Best Way To Comment Code Without Cluttering
1) Comment every file, class, or function to explain what it does
2) Comment every member variable (since you can't see how it's being used by looking at a header)
3) Explain what conditionals are for, and potentially what each branch does, if it's non-obvious
4) Comment on any obscure language or library feature you're using that a reader might otherwise have to research
5) Write a comment about every bit of code that is doing something in a non-obvious way, explaining why (e.g. lack of time, improved performance, library quirks)
I don't see comments as clutter. I use an IDE and they clearly delineate comments from code, so it's no worse than having a lot of whitespace.
Back in my BASIC days I didn't use any comments at all, and learning to understand code purely by reading it was a skill I cultivated and was proud of. Now, I work on bigger projects with multiple people, and nobody's got time to read everything to understand it before editing. It's easy to claim that well-written code with good variable names is self explanatory but I don't want to have to read all of it to know what it's doing. Comments provide an essential abstract to save time when coming back to edit code later.

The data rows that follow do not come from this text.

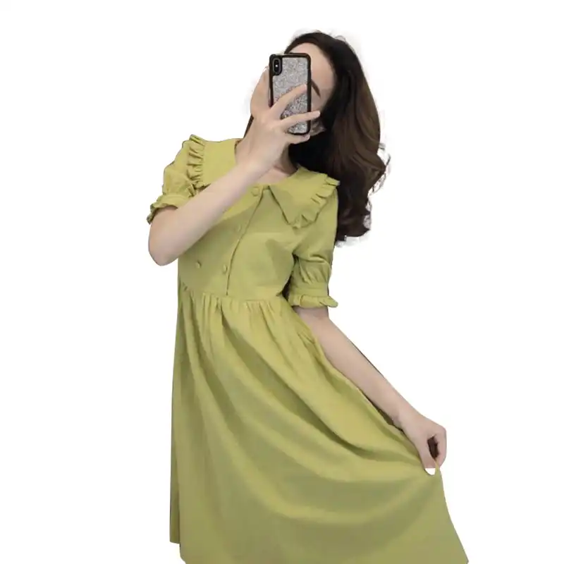 Vestido De Verano Kawaii Acampanado Para La Playa Vestido Veraniego Bohemio Fruncido Tunica Bonita Para Mujer Con Botones Plisados Vestido Verde Sin Mangas Gv249 Aliexpress
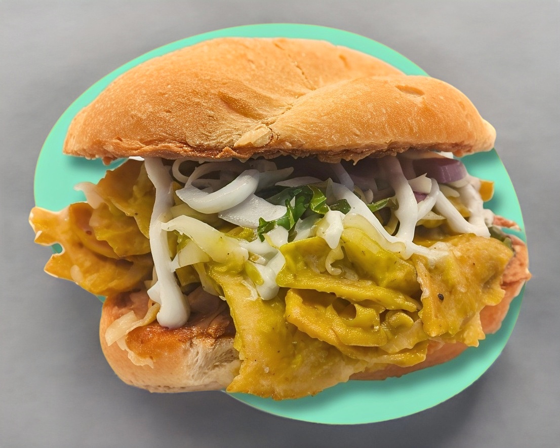 Torta con doradito con mantequilla, frijoles, queso y tu eleccion de chilaquiles en salsa verde o de chipotle. Acompañado de papas fritas
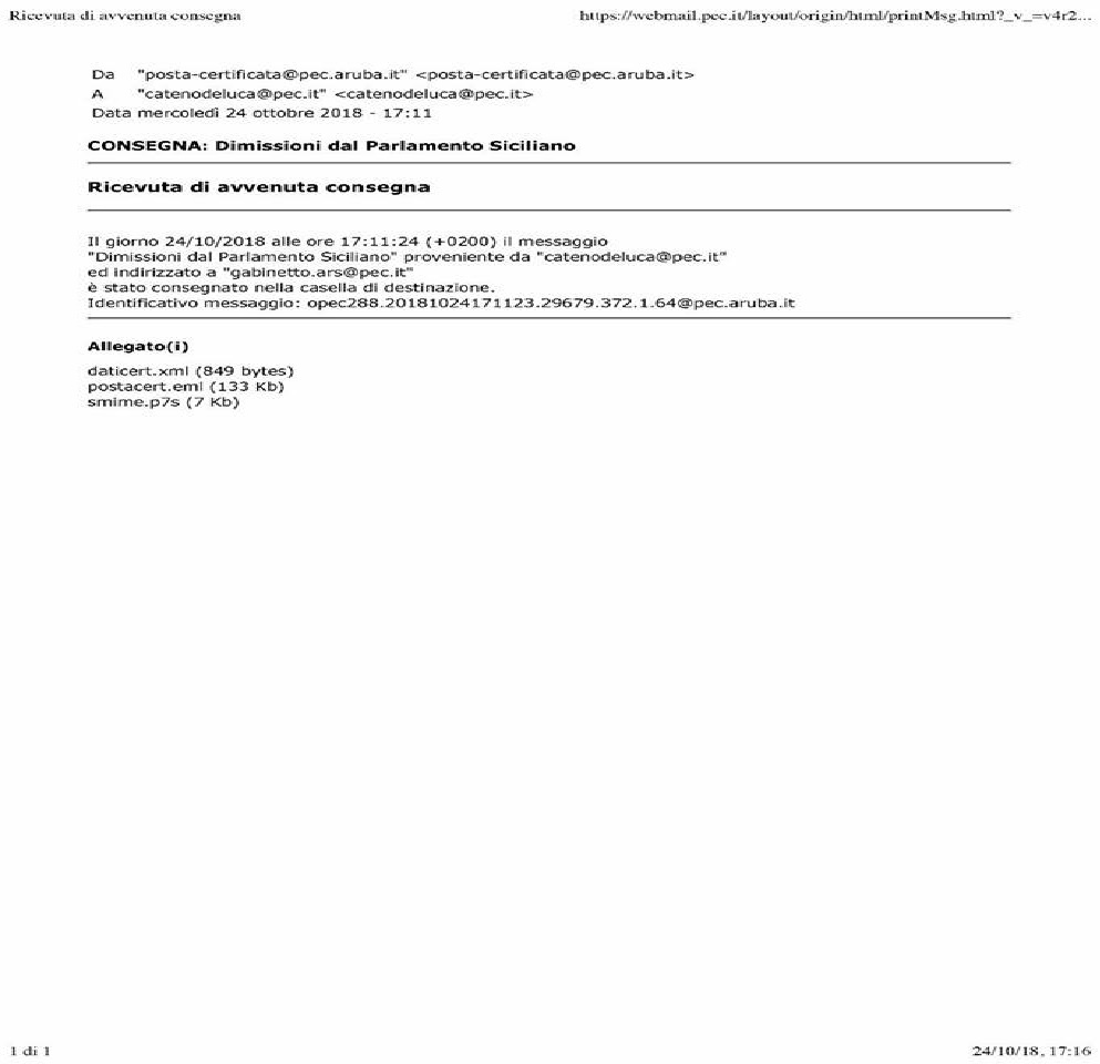 Infatti oggi pomeriggio, alle ore 17, De Luca ha formalizzato l’atto di rinuncia allo scranno trasmettendolo all’Ufficio di Gabinetto dell’Assemblea regionale siciliana, come ha fatto vedere lui stesso sulla pagina Facebook che da tempo usa per comunicare le sue azioni giornaliere.

One type of comment I find very useful is to link any code to bugs (jira, github issues, whatever), including for FIXMEs and known problems. More generally, links to a page on the company wiki or anything like that are also good; you can have huge amounts of documentation and archived conversation on the code without cluttering up the source file itself.
The bugs are generally durable (e.g., the link is valid even after the bug is closed), so it lets developers go and find any discussion that occurred relating to the code. Sometimes just seeing the title of the bug (or feature request) is enough to explain the "why" of some code, or provides important context (e.g. "this feature is stupid and complicates everything, why ffs did anyone... oh, an executive asked for it personally").
The further advantage is that if you are investigating a bug but either can't fix it immediately or need to hand it off to another developer, it lets them find relevant parts of the code you investigated very easily and quickly. I just yesterday had a case where I got assigned a months-old bug, searched the codebase for the jira ticket name, and found 6-month-old comments from myself of the form: // [ABC-1234] I think this logic is inverted but I need content to test
This is similar to my own professional approach.
Firstly if we have a description and discussion, link to a page on confluence, or just mention a JIRA number etc.
Secondly, within header files, class definitions etc, above the definition describe the function in a format which can be parsed, e.g. javaDoc style or whatever floats your boat. You can then run your codebase through a document generator such as doxygen and i find that much more readable than the alternative.
Hope this helps!
*
*I'm pretty much a minimalist in *this department. I kinda hate *when some third party library *has a class that looks like it's *hundreds and hundreds of lines *with most of them comments and *the odd method or property here *and there. And I demonstrated
*what I mean lol
*************************/
I suppose it depends a bit on what your reason for writing code is. When I'm at work I comment a lot less, but that's probably more out of just pressure to get things done and being sloppy. Even then I try to write self documenting code.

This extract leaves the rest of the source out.